Task goal
From the material below, copy each line that holds the word "with".

╭─ Source records

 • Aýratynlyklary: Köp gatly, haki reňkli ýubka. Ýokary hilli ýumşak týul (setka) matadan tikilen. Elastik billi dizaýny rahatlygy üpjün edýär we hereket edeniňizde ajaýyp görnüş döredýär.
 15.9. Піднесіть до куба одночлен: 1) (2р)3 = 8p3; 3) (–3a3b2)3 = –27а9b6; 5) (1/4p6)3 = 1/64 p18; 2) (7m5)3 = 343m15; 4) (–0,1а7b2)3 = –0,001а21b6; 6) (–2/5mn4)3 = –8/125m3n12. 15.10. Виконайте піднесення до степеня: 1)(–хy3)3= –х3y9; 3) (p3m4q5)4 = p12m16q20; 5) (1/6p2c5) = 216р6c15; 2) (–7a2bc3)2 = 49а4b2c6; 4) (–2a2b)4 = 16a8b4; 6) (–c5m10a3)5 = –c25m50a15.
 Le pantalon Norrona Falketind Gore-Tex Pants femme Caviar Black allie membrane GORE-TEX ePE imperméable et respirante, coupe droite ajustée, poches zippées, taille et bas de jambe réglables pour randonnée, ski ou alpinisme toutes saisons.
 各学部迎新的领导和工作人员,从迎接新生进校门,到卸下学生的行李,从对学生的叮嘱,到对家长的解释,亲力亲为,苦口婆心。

╰─
╭─ Source records

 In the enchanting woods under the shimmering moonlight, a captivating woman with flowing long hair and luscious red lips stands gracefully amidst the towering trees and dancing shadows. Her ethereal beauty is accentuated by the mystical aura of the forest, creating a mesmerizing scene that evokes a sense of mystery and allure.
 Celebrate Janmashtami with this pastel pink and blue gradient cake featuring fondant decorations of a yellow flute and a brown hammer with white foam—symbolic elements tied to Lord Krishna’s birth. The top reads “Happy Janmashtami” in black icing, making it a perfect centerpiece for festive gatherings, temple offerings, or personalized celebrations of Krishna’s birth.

╰─
╭─ Source records

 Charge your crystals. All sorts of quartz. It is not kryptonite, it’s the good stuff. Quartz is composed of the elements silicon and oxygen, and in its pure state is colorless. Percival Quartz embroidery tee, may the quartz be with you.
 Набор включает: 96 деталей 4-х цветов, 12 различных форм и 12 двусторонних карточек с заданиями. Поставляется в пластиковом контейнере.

╰─

Result for this exercise
 In the enchanting woods under the shimmering moonlight, a captivating woman with flowing long hair and luscious red lips stands gracefully amidst the towering trees and dancing shadows. Her ethereal beauty is accentuated by the mystical aura of the forest, creating a mesmerizing scene that evokes a sense of mystery and allure.
 Celebrate Janmashtami with this pastel pink and blue gradient cake featuring fondant decorations of a yellow flute and a brown hammer with white foam—symbolic elements tied to Lord Krishna’s birth. The top reads “Happy Janmashtami” in black icing, making it a perfect centerpiece for festive gatherings, temple offerings, or personalized celebrations of Krishna’s birth.
 Charge your crystals. All sorts of quartz. It is not kryptonite, it’s the good stuff. Quartz is composed of the elements silicon and oxygen, and in its pure state is colorless. Percival Quartz embroidery tee, may the quartz be with you.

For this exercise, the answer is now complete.